Key sub-modules ablation experiment

To investigate the contribution of each component in our framework, we conducted additional ablation experiments by removing or replacing key modules:

Deformable convolution: Replacing deformable convolution with standard convolution resulted in a drop in performance, indicating its importance in modeling geometric distortions.

Gated recurrent unit (GRU): Removing the GRU module and using simple feature concatenation instead led to a performance decline, demonstrating the GRU’s effectiveness in modeling sequential spatial dependencies.

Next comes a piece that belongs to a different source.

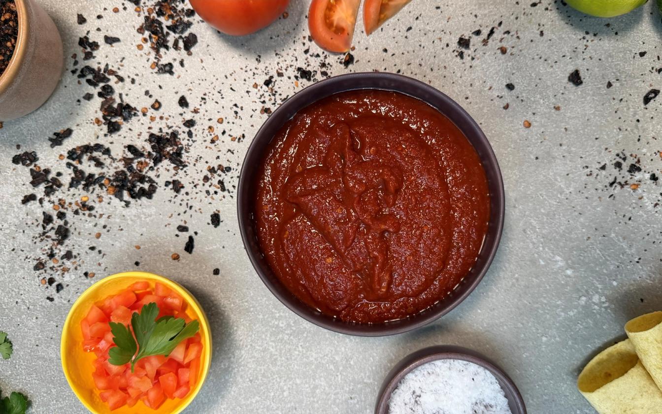 Salsa roja er en klassisk mexicansk salsa med en dyb, fyldig og let røget smag. Den laves ved at riste tomater, chili, løg og hvidløg, hvilket fremhæver sødmen og giver salsaen en intens karakter. Kombinationen af friske ingredienser og tørrede chilier skaber en perfekt balance mellem varme, syre og fylde. Salsa roja er utrolig alsidig og passer perfekt til tacos, kødretter og grillmad, hvor den tilfører både styrke og dybde. Den kan justeres i styrke alt efter, hvor meget chili du bruger, og om du vælger den klassiske version eller en hurtigere express-variant.Den hurtige version er ideel, når det skal gå stærkt, men stadig være fyldt med smag – perfekt til hverdagsmad.

The ablation results show that both deformable convolution and GRU independently contribute to performance gains, confirming the importance of each module in the overall architecture. The detailed results of these experiments are presented in Table 6.

Table 6:
Key sub-modules ablation experimental results.
Mode PLCC SRCC
Deformable convolution 0.891 0.877
GRU 0.884 0.866
IQA-GL 0.970 0.972
DOI: 10.7717/peerj-cs.3074/table-6

Additional ablation experiment

To further evaluate the robustness and efficiency of IQA-GL, we conducted extended ablation experiments focusing on four aspects: (1) ViT patch size, (2) backbone variants, (3) fusion strategies, and (4) hyperparameter sensitivity. As shown in Table 7, using smaller patch sizes (e.g., 8 × 8) or deeper backbones (e.g., ResNet-101) can slightly improve performance, but at the cost of significantly increased computation. We also compared our bilinear fusion module with a cross-attention mechanism, which improved accuracy slightly but added computational burden. Hyperparameter sensitivity tests confirm the stability of IQA-GL under typical settings. Furthermore, IQA-GL shows good generalization capability, maintaining strong PLCC and SRCC when tested on datasets with unseen content and distortions. These results validate the robustness of our model across real-world conditions.

Table 7:
Extended ablation results.
Variant PLCC SRCC Parameters FLOPs
Baseline 0.970 0.972 24.1 M 3.8
ResNet-18 0.901 0.893 11.2 M 2.1
ResNet-101 0.924 0.919 42.5 M 6.7
Patch size 8 × 8 0.927 0.921 24.1 M 5.5
Cross-attention fusion 0.930 0.924 28.3 M 6.1
Learning rate = 0.0001 0.910 0.902
Batch size = 8 0.914 0.905
DOI: 10.7717/peerj-cs.3074/table-7

Conclusion

This article proposed an image quality assessment algorithm based on global-local feature fusion (IQA-GL), an advanced image quality assessment algorithm that effectively integrates global and local features through interactive fusion. By leveraging deformable convolution, our approach refines local features to focus on distorted regions, while bilinear pooling ensures the optimal fusion of global and local quality information. Furthermore, a GRU-based mechanism captures sequential dependencies among image patches, dynamically assigning weights to different regions, enhancing assessment accuracy. Extensive experiments on the benchmark datasets demonstrate that IQA-GL achieves well performance. Ablation studies further confirm the contribution of each component to the model’s robustness and generalizability. Despite the promising results, IQA-GL still has certain limitations, particularly in handling extreme distortions and unseen degradations. For example, it may overestimate quality under severe Gaussian blur and underestimate it under heavy JPEG compression. In cases of complex, mixed distortions, the model may struggle to accurately assess quality due to interference between multiple degradation types. IQA-GL is implemented using PyTorch 2.1.2 on Ubuntu 22.04, and all experiments are conducted using an NVIDIA A10 GPU. In terms of inference efficiency, the average processing time per image is approximately 13 ms for ResNet-50 and 20 ms for ViT-B-8. The corresponding model sizes are roughly 23 million and 85 million parameters, respectively. While the ViT-B-8 backbone provides stronger feature representation, it incurs higher computational costs. For practical deployment in real-time or resource-limited environments, future work could explore model compression techniques such as pruning, quantization, or the use of lightweight architectures.